Boston Marathon explosions %288654232934%29 - I Still Believe
Photo by Aaron Tang.

I was in Boston this last Sunday and barely made it to the airport in time for my flight…the last one to leave Logan International to Denver. I was literally minutes away from being stranded but thought, on the bright side, if I did get stuck there, I would at least be able to watch some of the Boston Marathon. I did make my flight and was safely at home when the first reports of the bombing came trickling in. I read the stories, stunned and heartbroken, grateful that I made that flight and saddened for those whose lives were shattered with that explosion. I asked myself the same questions I asked after Columbine and after the Aurora movie theater shooting; “what is wrong with people” and “what makes people do such horrible things” and I wept for the suffering, the dead, the mourning and the loss of humanity.

Yet, I still believe. I still believe that people are inherently good and that if they are given the right conditions, people will grow to fulfill their highest potential. I still believe that, at the core, people can become their best selves. I believe that there is hope for humanity and that maybe someday; we will see that hope fulfilled. In the aftermath of the Boston Marathon bombings, we have all been fortunate to bear witness to the best of humanity. We have seen photos immediately after the bomb went off where chaos has broken out and people are fleeing the scene in terror while the first responders run toward the explosion. We have seen photos of strangers helping strangers, covered in each other’s blood and tears. We have heard of people taking off their belts to make tourniquets to help stop the bleeding stranger. Boston area blood banks have been flooded with donors. We have cried with those grieving and celebrated with those who have been reunited with their loved ones. Runners have dedicated today’s trek to the Boston Marathon and have run their miles with heavy hearts and tear stained cheeks. We have come together as a community and have locked arms in support of those who are hurting.

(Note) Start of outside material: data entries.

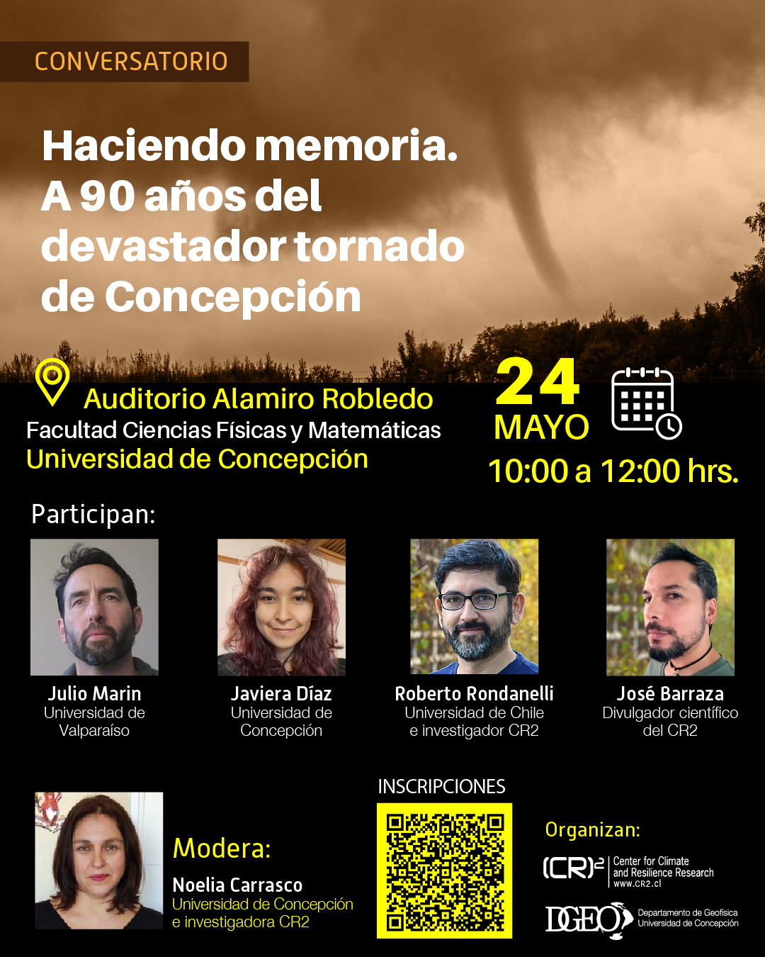 10:45 hrs. Panel “A 90 años del tornado de Concepción”, Javiera Díaz, licenciada en Historia, Universidad de Concepción; Roberto Rondanelli, académico del Departamento de Geofísica de la Universidad de Chile e investigador del CR2; José Barraza, divulgador científico del CR2. Modera: Noelia Carrasco, académica del Departamento de Historia de la Universidad de Concepción e investigadora del CR2.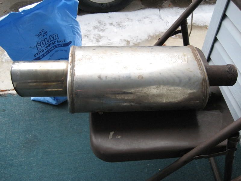 I am going to get some measurements and pics of the muffler tomorrow. Its a used Magnaflow Muffler, no holes, no rust, good shape but it is dirty and needs to be cleaned from the outside.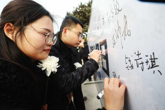 活动现场,秩序井然、气氛肃穆。参与人员首先在指定地点集合整队,党员同志统一佩戴党徽,彰显党员身份;随后,大家在“铭记历史、珍爱和平”誓言展板上郑重签字,一笔一划间传递着对历史的敬畏、对和平的坚守,签字完毕后,每人领取手持菊花,为缅怀仪式做准备。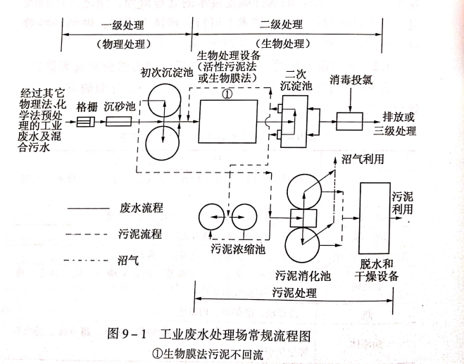 為達(dá)到國(guó)家污水排放標(biāo)準(zhǔn),一般的廢水處理場(chǎng)都采用一級(jí)處理(物理法或化學(xué)法)、二級(jí)生物法處理的處理流程(見(jiàn)圖9-1),為避免工業(yè)廢水水質(zhì)不均衡引起對(duì)出水水質(zhì)的影響,在二級(jí)生物法處理前后分別設(shè)置均質(zhì)調(diào)節(jié)池(事故池)和監(jiān)測(cè)池。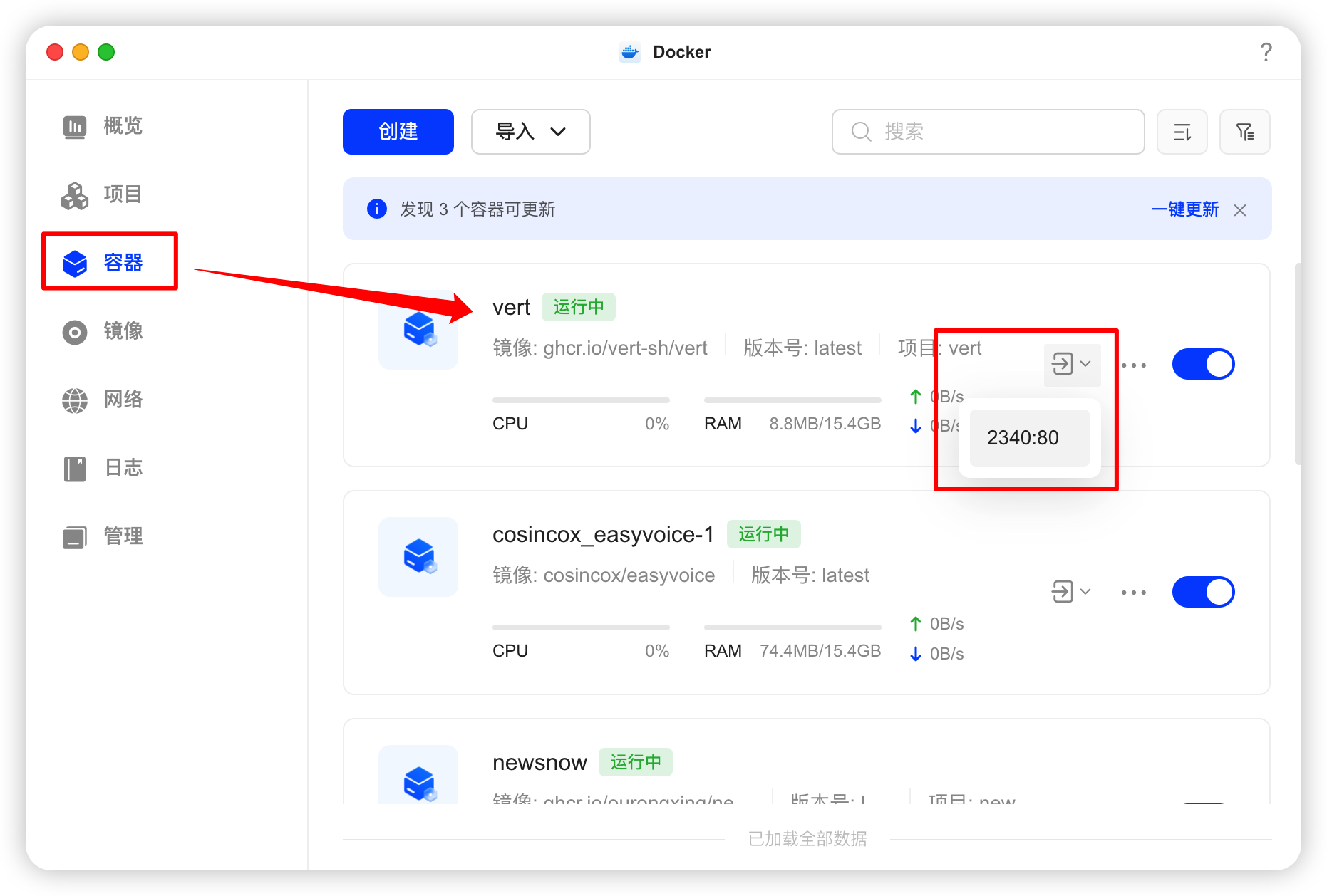 项目构建完成后,点击左侧菜单”容器“这项,找到 vert 这项,点击它右侧的小箭头会弹出端口号,点击端口这个按钮。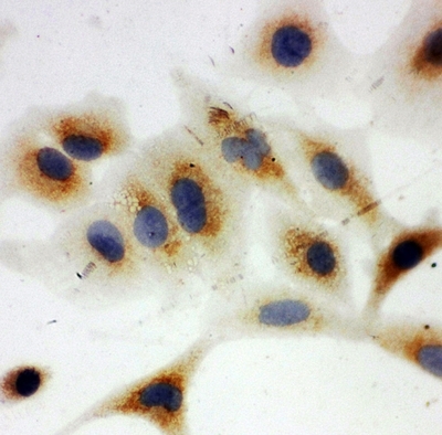- ICC analysis of NDUFA1 using anti-NDUFA1 antibody. NDUFA1 was detected in immunocytochemical section of A549 cell. Heat mediated antigen retrieval was performed in citrate buffer (pH6, epitope retrieval solution) for 20 mins. The tissue section was blocked with 10% goat serum. The tissue section was then incubated with 1µg/ml rabbit anti-NDUFA1 Antibody overnight at 4°C. Biotinylated goat anti-rabbit IgG was used as secondary antibody and incubated for 30 minutes at 37°C. The tissue section was developed using Strepavidin-Biotin-Complex (SABC) with DAB as the chromogen.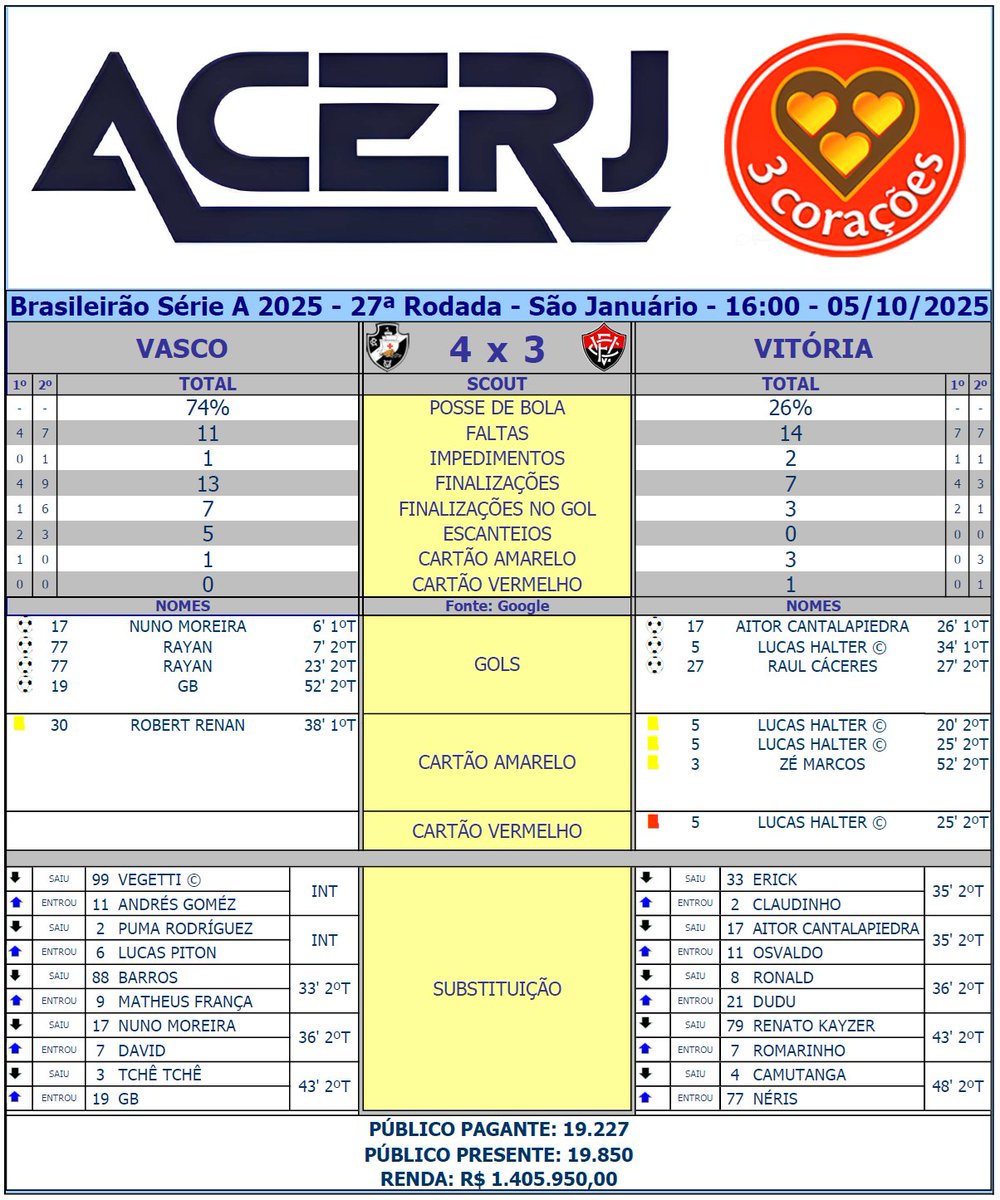 Scout da final entre Vasco e Vitória referente à 27ª Rodada do Campeonato Brasileiro 2025, que ocorrerá em São Januário. (Fonte: Google) #Acerjinforma #brasileirao2025 #VASxVIT #VascodaGama #ECVitoria @Brasileirao @VascodaGama @ECVitoria

This is why I believe in humanity. In the face of tragedy, there have been tremendous acts of courage, valor, compassion, solidarity, and an overall showing of the best of humanity. Although there are incomprehensible acts of terror and even evil, those acts are often outshined by the outpouring of love, courage and support that these acts of terror generate. I believe in humanity. I have witnessed the best of humanity overshadow the worst of humanity this week. There is hope for humanity and when we lay aside our differences, we are all the same. While smoke and dust swirled around, and people were lying wounded, the things that usually divide were irrelevant. There were no political lines to divide and no religious bridges to cross; there were simply human beings who reached out to help each other. It is that piece of humanity that I call out to, that I believe in, that I will continue to work for the rest of my days. We all have a choice in these following days. We can choose to go back to life as usual and let this become a memory or we can choose to continue to carry the momentum forward. Let us not waste this suffering and become bitter, but let us become more loving, more compassionate and make this world better.